The reason you would rule that way is because California can't simply go in and change your property rights, at least not without compensating you and using eminent domain. That has been established for a long time. So for the same reason they cannot just decide to give access to the minerals under your house to Chevron.

So it isn't "squatters rights" at all, rather it is property holder rights. If this is upheld it could have some interesting repercussions on water rights in the Central Valley if I remember, some of those were parts of Mexican land grants as well.

2 comments

> If this is upheld it could have some interesting repercussions on water rights in the Central Valley > if I remember, some of those were parts of Mexican land grants as well.

That's both news to me and a wincing moment of "wow, California politics really do come down to water issues 90% of the time".

I remember telling a friend's kid, in ~2000, that if she really wanted a totally secure future, that she should quit computer programming and become a riparian lawyer. I maintain that this is still the best advice I've ever given.
It absolutely is. I took a California Government class in college that blew my mind about how much of bipartisan political scheming is about water, to this day, because there's so much money in it.

His oft repeated quote was "when politicians agree on something and it stays out of the news, it's usually not in the public interest".

People like to make fun of Las Vegas as a city that wouldn't exist without imported water but most of So Cal wouldn't either. The bad guy in the film Chinatown is loosely based on William Mulholland, the chief engineer for the Los Angeles Department of Water and Power.

http://en.wikipedia.org/wiki/California_Water_Wars

I don't see why the reasoning didn't go like the following.
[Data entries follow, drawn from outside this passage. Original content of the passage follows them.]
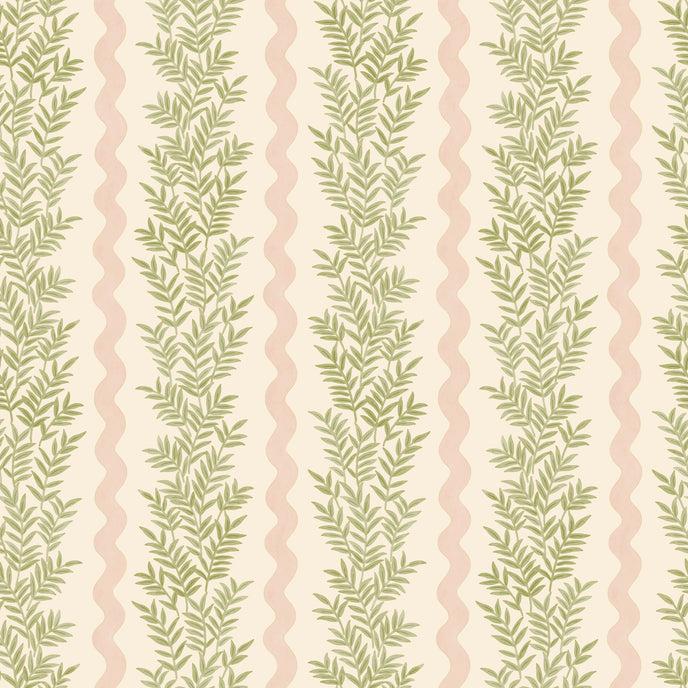 This modern take on a simple stripe features tonal leaves framed by a vertical structured wave.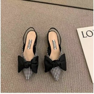 POINTED-TOE HOUNDSTOOTH BLACK HIGH HEELS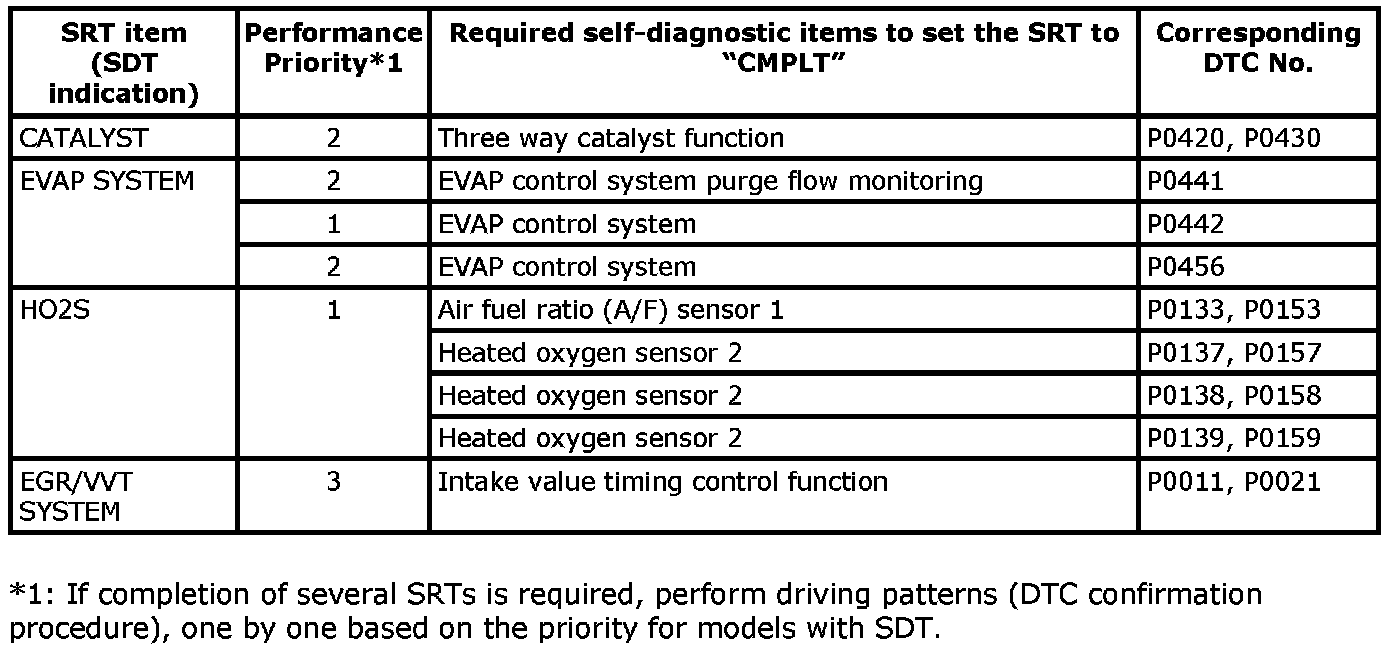 NOTE: SRT can be set as "CMPLT" together with the DTC(s). Therefore, DTC check must always be carried out prior to the state emission inspection even though the SRT indicates "CMPLT".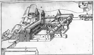 The abbey complex consisted of a number of buildings. The two most significant structures, the church and the cloister, both survive. The cloister is however significantly altered, having been destroyed by fires in 1278 and 1546, and rebuilt between 1866 and 1872.[6] The entire complex was originally surrounded by a wall, which separated a cemetery to the north of the church from the street that led westwards out of the city.[7]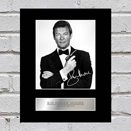 Foto di Sir Roger Moore in posa da James Bond 007, firmata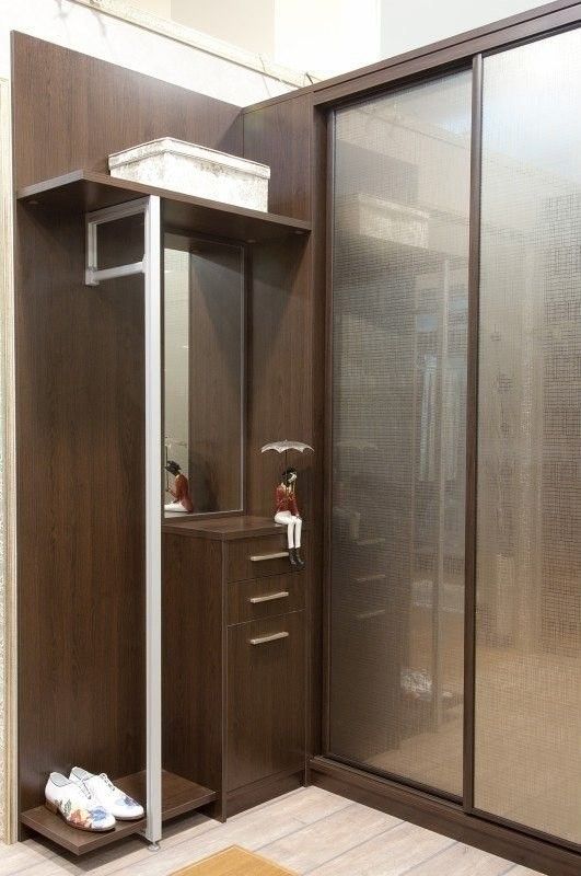 Состоит из отдельностоящих модулей: шкафа+ вешалки+ зеркала и обувниц.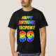 The front of this bold, exciting, and vibrant birthday themed shirt design features a large number "89" and the message "HAPPY BIRTHDAY,", both coloured with a rainbow spectrum gradient inspired pattern, along with a bold yellow personalised name. Cheerful birthday themed shirts like this might be worn by the attendees at a celebration or party being held in honour of somebody’s eighty ninth birthday. [~Z0000473]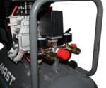 Робочий тиск цієї моделі компресора становить 6 Бар, максимальний – 8 Бар. Регулювання тиску плавне за допомогою редуктора, що дозволяє комфортно працювати без ривків і збоїв. Потужність 2,2 кВт забезпечує якісну роботу в умовах високих навантажень.

California law requires the property owner to give up rights. The eminent-domain laws require the state to compensate property owners when forcing them to give up rights.

Conclusion: The property owner must allow beach access to the public, and the state must pay the property owner for allowing this.

EDIT: The comment by gojomo would seem to explain this.

Yup, the question is whether or not the treaty trumps California law otherwise it would have worked exactly that way.

I like the idea of working out a 'patch' to the treaty, although I don't think I've heard of that ever happening in practice, new treaties yes, but patching an old one not so much.

Adverse possession may be used to force an easement on the grounds that the access road was itself de-facto public. If not an easement maybe forced in any case.